> _WHAT THIS TASK INVOLVES_: Retype the lines from the one containing "свой уникальный эффект!" through the last line of the entries below, exactly and in full, omitting every image.

> _DATASET RECORDS_:
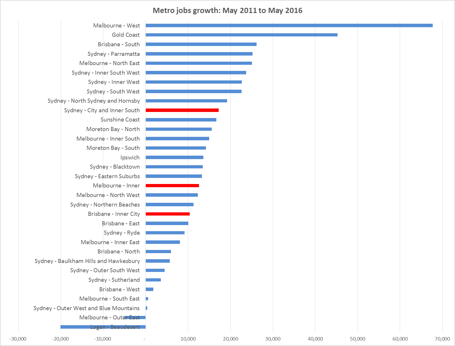 The latest labour force data from the Australian Bureau of Statistics paints the evidentiary picture. Taking in our three largest metropolitan areas, employment growth in the inner city areas over the last five years is not the dominant story some might have you believe.
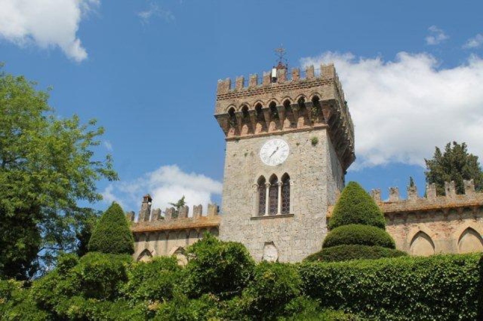 La villa venne costruita alla fine del Seicento. Danneggiata da un terremoto nel 1798, venne rimaneggiata su progetto dell’architetto senese Agostino Fantastici, il quale fece la facciata e lo scalone secondo il gusto romantico dell’epoca. Antistante alla villa c'è un grande piazzale, delimitato da alti cedri del Libano. Un grande scalone, ornato da 4 statue, porta al piano superiore, dal quale si accede al giardino a terrazze, ricco di conche di limoni e di siepi di bosso e sul fondo del quale si affaccia un grande teatro dei lecci, pure attribuito al Fantastici. Dario Niccodemi scrisse per questo teatro all’aperto "L ‘alba il giorno e la notte", opera che vi fu presentata nel 1920. A destra si eleva un torre duecentesca (vedetta senese sulla via Fiorentina) che da il nome alla villa. A sinistra si apre il grande giardino all'italiana. La villa appartiene da sempre alla famiglia Sergardi Biringucci. Costruita alla fine del Seicento per la famiglia senese Biringucci, venne portata in dote da Olimpia Biringucci, ultima discendente di una importante famiglia, quando sposò Curzio Sergardi. Da allora venne aggiunto al cognome Sergardi quello Biringucci. Dal loro matrimonio nacque il famoso umanista e poeta Lodovico Sergardi, avvocato concistoriale e Presidente della fabbrica di San Pietro, chiamato, secondo l’usanza dell’Arcadia, Quinto Settano. Nella villa ha soggiornato nel 1798 il Papa VI (Braschi) quando fu costretto a lasciare Roma a seguito dei moti rivoluzionari. Vi soggiornò pure Richard Wagner nel 1880, mentre si dedicava all’orchestrazione de Parsiphal.
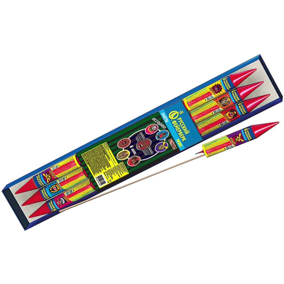 Набор ракет "Ассорти" порадует вас разнообразием эффектов - ведь каждая из ракет имеет свой уникальный эффект!
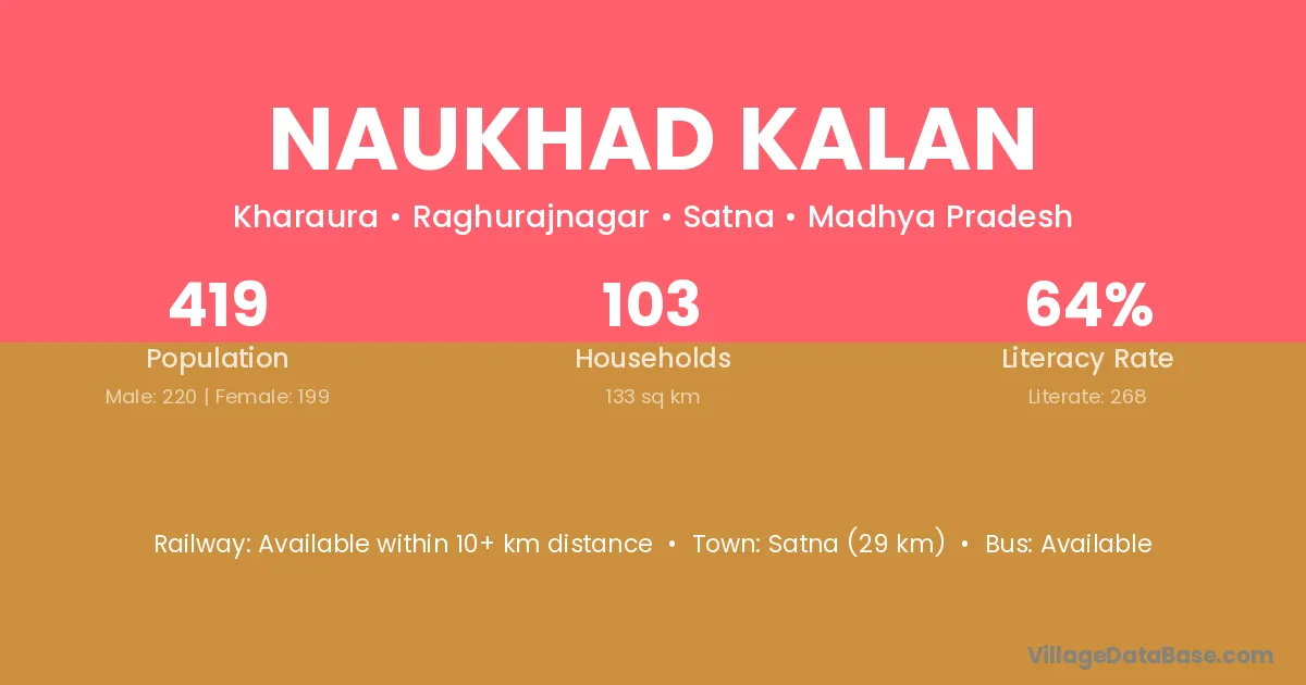 Satna (29 km) is the nearest town to Naukhad Kalan village for major economic activities and is located approximately 29 km away.
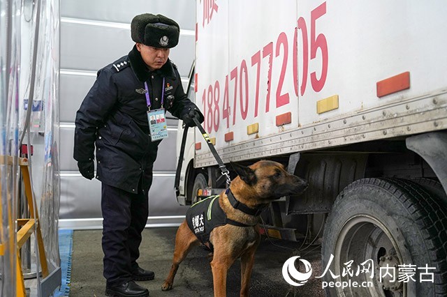 为保证“十四冬”赛事顺利进行,呼伦贝尔市公安局共调集警犬基地反恐怖和特巡警支队等单位33名训导员、33只警犬,组成安保“汪汪队”,执行日常巡护任务。
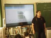 今日は、ジャムボードというのをやってみました。みんなの名前をパソコンの中の付箋に書いて、動かしてみました。
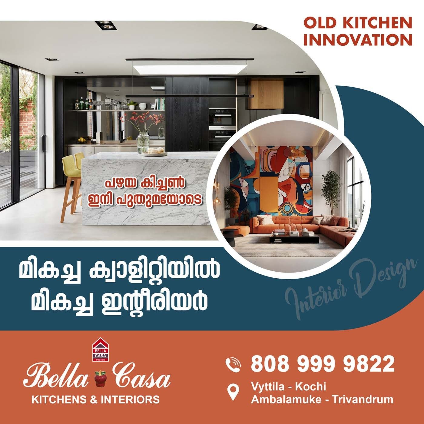 OLD KITCHEN INNOVATION ✨ Give your old kitchen a brand-new look! ✨ Transform your outdated kitchen into a modern, stylish, and functional space with Bella Casa Kitchens & Interiors. ✔️ High-Quality Materials ✔️ Smart Interior Design ✔️ Expert Craftsmanship ✔️ Affordable Innovation From concept to completion – we bring elegance, utility, and excellence to your kitchen. 🏡 BELLA CASA – Kitchens & Interiors 📍 Vyttila – Kochi | Ambalamukku – Trivandrum 📞 Contact: 808 999 9822 Because every kitchen deserves a beautiful makeover!
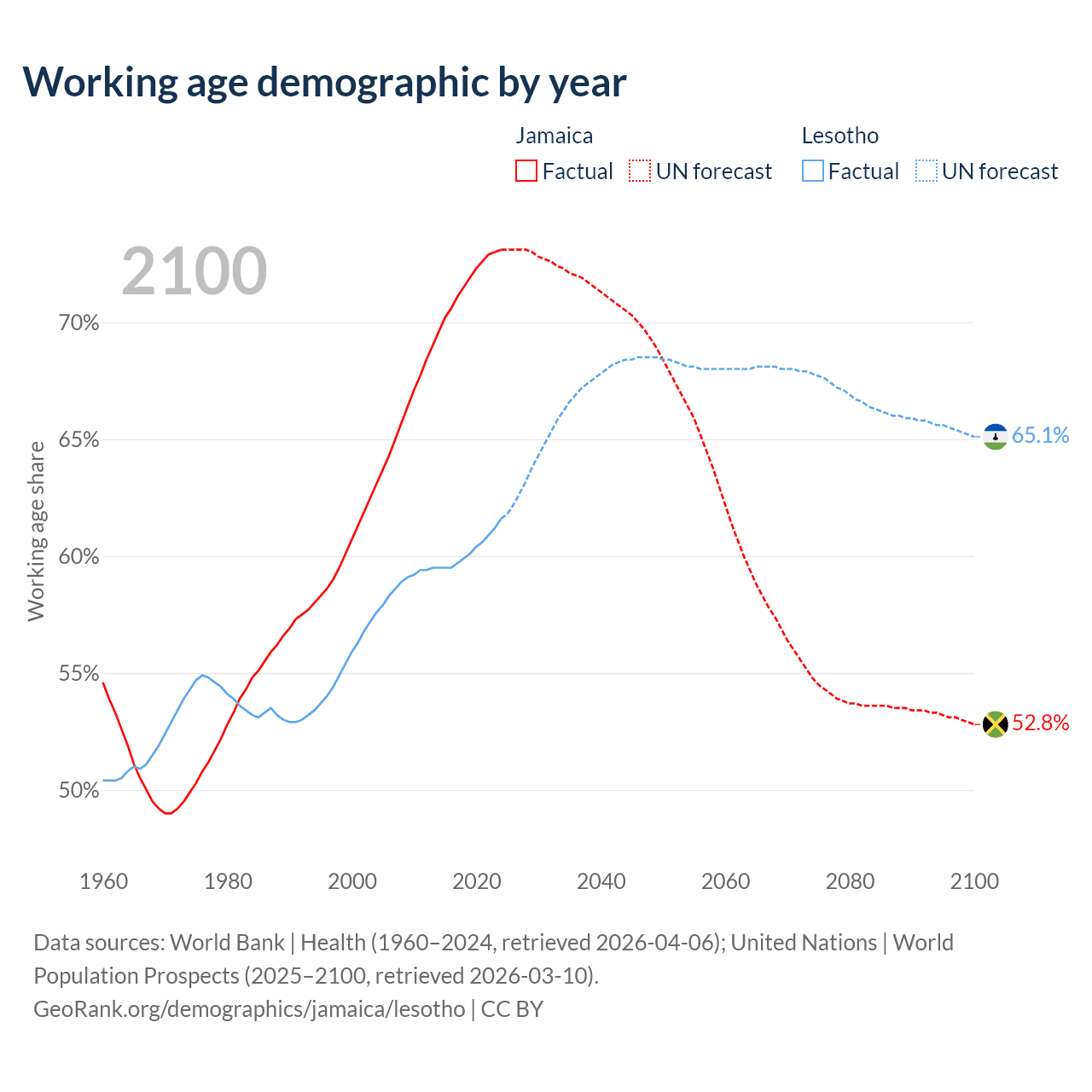 - Jamaica has 2.07M working age adults (aged 15-64) vs 1.48M in Lesotho.
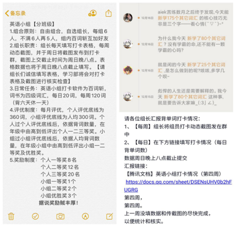 “百词斩”app为每一个单词提供了趣味的配图和例句,让记单词成为了一种乐趣。年级会学习部借助“百词斩”平台开展英语单词打卡学习活动,并设立奖励制度,调动同学们记单词的积极性。英语小组成员互相添加成为好友,关注彼此的学习动态,互相鼓励监督,让背单词,不再是一个人。

> _EXERCISE OUTPUT_:
 Набор ракет "Ассорти" порадует вас разнообразием эффектов - ведь каждая из ракет имеет свой уникальный эффект!
 Satna (29 km) is the nearest town to Naukhad Kalan village for major economic activities and is located approximately 29 km away.
 为保证“十四冬”赛事顺利进行,呼伦贝尔市公安局共调集警犬基地反恐怖和特巡警支队等单位33名训导员、33只警犬,组成安保“汪汪队”,执行日常巡护任务。
 今日は、ジャムボードというのをやってみました。みんなの名前をパソコンの中の付箋に書いて、動かしてみました。
 OLD KITCHEN INNOVATION ✨ Give your old kitchen a brand-new look! ✨ Transform your outdated kitchen into a modern, stylish, and functional space with Bella Casa Kitchens & Interiors. ✔️ High-Quality Materials ✔️ Smart Interior Design ✔️ Expert Craftsmanship ✔️ Affordable Innovation From concept to completion – we bring elegance, utility, and excellence to your kitchen. 🏡 BELLA CASA – Kitchens & Interiors 📍 Vyttila – Kochi | Ambalamukku – Trivandrum 📞 Contact: 808 999 9822 Because every kitchen deserves a beautiful makeover!
 - Jamaica has 2.07M working age adults (aged 15-64) vs 1.48M in Lesotho.
 “百词斩”app为每一个单词提供了趣味的配图和例句,让记单词成为了一种乐趣。年级会学习部借助“百词斩”平台开展英语单词打卡学习活动,并设立奖励制度,调动同学们记单词的积极性。英语小组成员互相添加成为好友,关注彼此的学习动态,互相鼓励监督,让背单词,不再是一个人。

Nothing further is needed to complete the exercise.